«`html
Gelato-30B-A3B: A State-of-the-Art Grounding Model for GUI Computer-Use Tasks
Researchers from ML Foundations have introduced Gelato-30B-A3B, a grounding model designed to enhance AI agents’ ability to find and click specific on-screen elements based on natural language instructions. This model is trained on the Click 100k dataset and demonstrates significant accuracy improvements over previous models, including GTA1-32B and larger vision-language models like Qwen3-VL-235B-A22B-Instruct.
Understanding the Target Audience
The primary audience for Gelato-30B-A3B includes:
- AI researchers and developers looking for advanced grounding models.
- Business managers interested in implementing AI solutions for GUI tasks.
- Technical teams focused on enhancing user interaction with software applications.
Key pain points for this audience include:
- Difficulty in achieving reliable AI interactions with diverse graphical user interfaces.
- Challenges in integrating AI models into existing workflows.
- Need for improved accuracy in AI-driven tasks to enhance productivity.
Their goals involve:
- Implementing AI solutions that can accurately interpret user commands.

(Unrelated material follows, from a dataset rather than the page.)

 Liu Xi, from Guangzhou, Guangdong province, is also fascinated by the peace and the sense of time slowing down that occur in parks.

- Reducing the time and effort required for software navigation.
- Enhancing user experience through seamless AI interactions.
Interests include:
- Latest advancements in AI and machine learning.
- Practical applications of AI in business environments.

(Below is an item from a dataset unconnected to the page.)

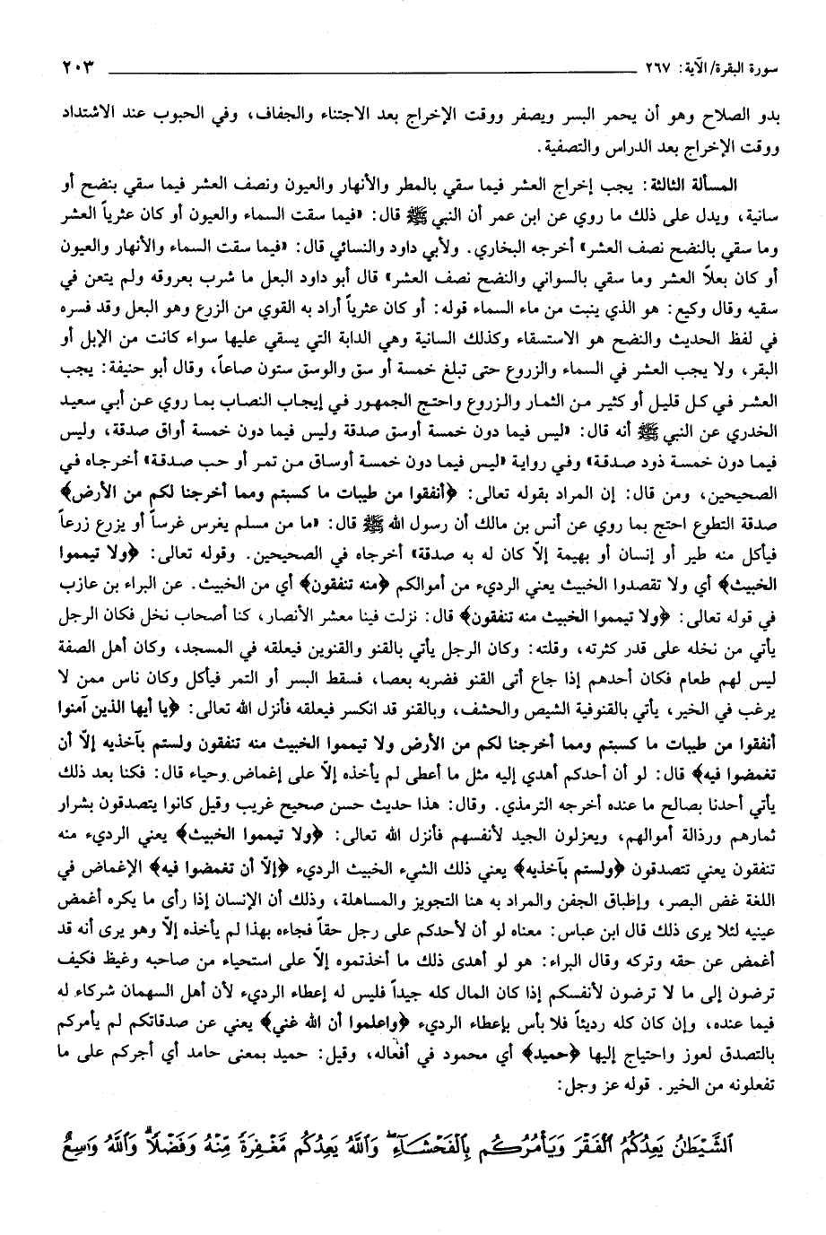 المسألة الثالثة: يجب إخراج العشر فيما سقي بالمطر والأنهار والعيون ونصف العشر فيما سقي بنضح أو سانية، ويدل على ذلك ما روي عن ابن عمر أن النبي صلّى الله عليه وسلّم قال: «فيما سقت السماء والعيون أو كان عثريا العشر وما سقي بالنضح نصف العشر» أخرجه البخاري. ولأبي داود والنسائي قال: «فيما سقت السماء والأنهار والعيون أو كان بعلا العشر وما سقي بالسواني والنضح نصف العشر» قال أبو داود البعل ما شرب بعروقه ولم يتعن في سقيه وقال وكيع: هو الذي ينبت من ماء السماء قوله: أو كان عثريا أراد به القوي من الزرع وهو البعل وقد فسره في لفظ الحديث والنضح هو الاستسقاء وكذلك السانية وهي الدابة التي يسقي عليها سواء كانت من الإبل أو البقر، ولا يجب العشر في السماء والزروع حتى تبلغ خمسة أوسق والوسق ستون صاعا، وقال أبو حنيفة: يجب العشر في كل قليل أو كثير من الثمار والزروع واحتج الجمهور في إيجاب النصاب بما روي عن أبي سعيد الخدري عن النبي صلّى الله عليه وسلّم أنه قال: «ليس فيما دون خمسة أوسق صدقة وليس فيما دون خمسة أواق صدقة، وليس فيما دون خمسة ذود صدقة» وفي رواية «ليس فيما دون خمسة أوساق من تمر أو حب صدقة» أخرجاه في الصحيحين، ومن قال: إن المراد بقوله تعالى: أَنْفِقُوا مِنْ طَيِّباتِ ما كَسَبْتُمْ وَمِمَّا أَخْرَجْنا لَكُمْ مِنَ الْأَرْضِ صدقة التطوع احتج بما روي عن أنس بن مالك أن رسول الله صلّى الله عليه وسلّم قال: «ما من مسلم يغرس غرسا أو يزرع زرعا فيأكل منه طير أو إنسان أو بهيمة إلّا كان له به صدقة» أخرجاه في الصحيحين. وقوله تعالى: وَلا تَيَمَّمُوا الْخَبِيثَ أي ولا تقصدوا الخبيث يعني الرديء من أموالكم مِنْهُ تُنْفِقُونَ أي من الخبيث. عن البراء بن عازب في قوله تعالى: وَلا تَيَمَّمُوا الْخَبِيثَ مِنْهُ تُنْفِقُونَ قال: نزلت فينا معشر الأنصار، كنا أصحاب نخل فكان الرجل يأتي من نخله على قدر كثرته، وقلته: وكان الرجل يأتي بالقنو والقنوين فيعلقه في المسجد، وكان أهل الصفة ليس لهم طعام فكان أحدهم إذا جاع أتى القنو فضربه بعصا، فسقط البسر أو التمر فيأكل وكان ناس ممن لا يرغب في الخير، يأتي بالقنوفية الشيص والحشف، وبالقنو قد انكسر فيعلقه فأنزل الله تعالى: يا أَيُّهَا الَّذِينَ آمَنُوا أَنْفِقُوا مِنْ طَيِّباتِ ما كَسَبْتُمْ وَمِمَّا أَخْرَجْنا لَكُمْ مِنَ الْأَرْضِ وَلا تَيَمَّمُوا الْخَبِيثَ مِنْهُ تُنْفِقُونَ وَلَسْتُمْ بِآخِذِيهِ إِلَّا أَنْ تُغْمِضُوا فِيهِ قال: لو أن أحدكم أهدي إليه مثل ما أعطى لم يأخذه إلّا على إغماض وحياء قال: فكنا بعد ذلك يأتي أحدنا بصالح ما عنده أخرجه الترمذي. وقال: هذا حديث حسن صحيح غريب وقيل كانوا يتصدقون بشرار ثمارهم ورذالة أموالهم، ويعزلون الجيد لأنفسهم فأنزل الله تعالى: وَلا تَيَمَّمُوا الْخَبِيثَ يعني الرديء منه تنفقون يعني تتصدقون وَلَسْتُمْ بِآخِذِيهِ يعني ذلك الشيء الخبيث الرديء إِلَّا أَنْ تُغْمِضُوا فِيهِ الإغماض في اللغة غض البصر، وإطباق الجفن والمراد به هنا التجويز والمساهلة، وذلك أن الإنسان إذا رأى ما يكره أغمض عينيه لئلا يرى ذلك قال ابن عباس: معناه لو أن لأحدكم على رجل حقا فجاءه بهذا لم يأخذه إلّا وهو يرى أنه قد أغمض عن حقه وتركه وقال البراء: هو لو أهدى ذلك ما أخذتموه إلّا على استحياء من صاحبه وغيظ فكيف ترضون إلى ما لا ترضون لأنفسكم إذا كان المال كله جيدا فليس له إعطاء الرديء لأن أهل السهمان شركاء له فيما عنده، وإن كان كله رديئا فلا بأس بإعطاء الرديء وَاعْلَمُوا أَنَّ اللَّهَ غَنِيٌّ يعني عن صدقاتكم لم يأمركم بالتصدق لعوز واحتياج إليها حَمِيدٌ أي محمود في أفعاله، وقيل: حميد بمعنى حامد أي أجركم على ما تفعلونه من الخير. قوله عز وجل:

- Data-driven insights into user behavior and software usage.
Preferred communication methods are likely to be:
- Technical documentation and research papers.
- Webinars and online tutorials.
- Community forums and discussions on platforms like GitHub and Reddit.
What Gelato-30B-A3B Does in an Agent Stack
Gelato-30B-A3B is a 31B parameter model that fine-tunes Qwen3-VL-30B-A3B Instruct using a mixture of experts architecture. It processes a screenshot and a textual instruction to produce a single click coordinate as output. This model acts as a modular grounding component, allowing a planner model, such as GPT-5, to determine high-level actions and utilize Gelato for precise click resolutions across various operating systems and applications.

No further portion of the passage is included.